I Like a Quiet Mind
I don’t want a lot of people in my life. I want a quiet life. I think that is why I often sit quietly smoking a pipe. Whichever pipe I am smoking on any given day is my best friend for that day. I’m not interested in having a lot of people in my life. I enjoy simplicity. But I am more typical of a Spiritual person than not. My days are quiet. But my family is not as I am. And while at times their social interactions conflict with me, I adapt very easily.
It’s just that I’d rather not adapt. I sit and think as the theologian/philosopher I am. Too much and I become hyper about thinking about too many people. I am my own best friend. Social people might not understand that being alone is NOT loneliness. I think deep thoughts I share with hardly anyone.
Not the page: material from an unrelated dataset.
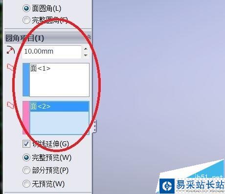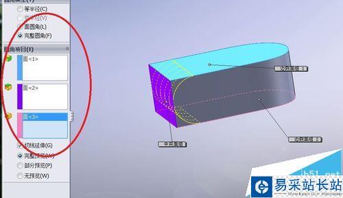12、完整圓角 繪制圓角。這種方法不需要設置半徑,需要順序選中三個面,側面1、中間面、側面2。可以看到設置完成后的預覽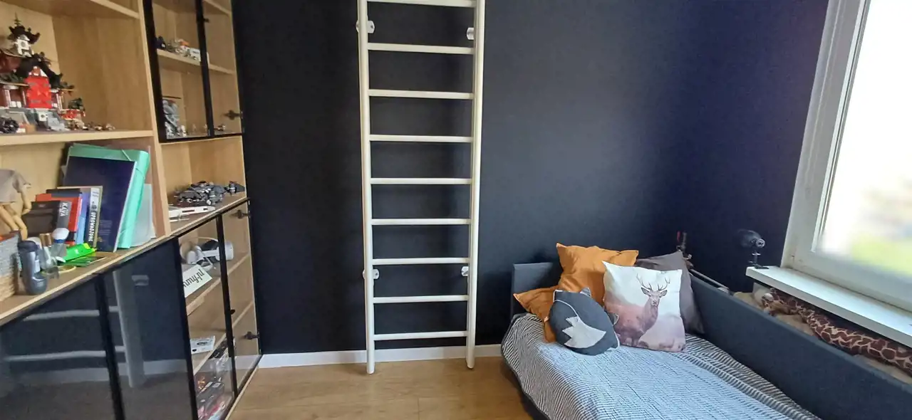Stan : Mieszkanie jest bardzo zadbane. Przeszło generalny remont, wymienione zostały wszystkie instalacje, podłogi. Przebudowano ściany, dzięki czemu układ pomieszczeń jest bardziej funkcjonalny. Wykonano oświetlenie na zasadzie energooszczędnych LEDÓW. Właściciel pozostawia część wyposażenia, m.in. kuchnię umeblowaną na wymiar. W przedpokoju zamontowane na stałe pojemne szafy. Mieszkanie komfortowe, do wykończenia użyto materiałów wysokiej jakości. Z dużego, otwartego balkonu rozpościera się przepiękny widok na Osiedle i dalsze okolice. Mieszkanie jest bardzo ciepłe i słoneczne. CO i ciepła woda z sieci. Przy budynku plac zabaw dla dzieci.

But that is just the way I am. My wife understands this about me, but as to whether anyone else would is a question I don’t want to answer. I’m not sure anyone else would. I write down my thoughts and share a few here, but I’d just prefer to smoke my pipe and live a rather solitary life. It suits me just fine. Some people like a life with a lot of people involvement. I don’t. For me, the fewer the better.
So, this is my thinking this morning as I smoke my Peterson System pipe. It is my friend for the day. My tobacco is Old Professor and my coffee this morning is from the Blue Bottle coffee company. Thank you for your time and Peace to each one of you.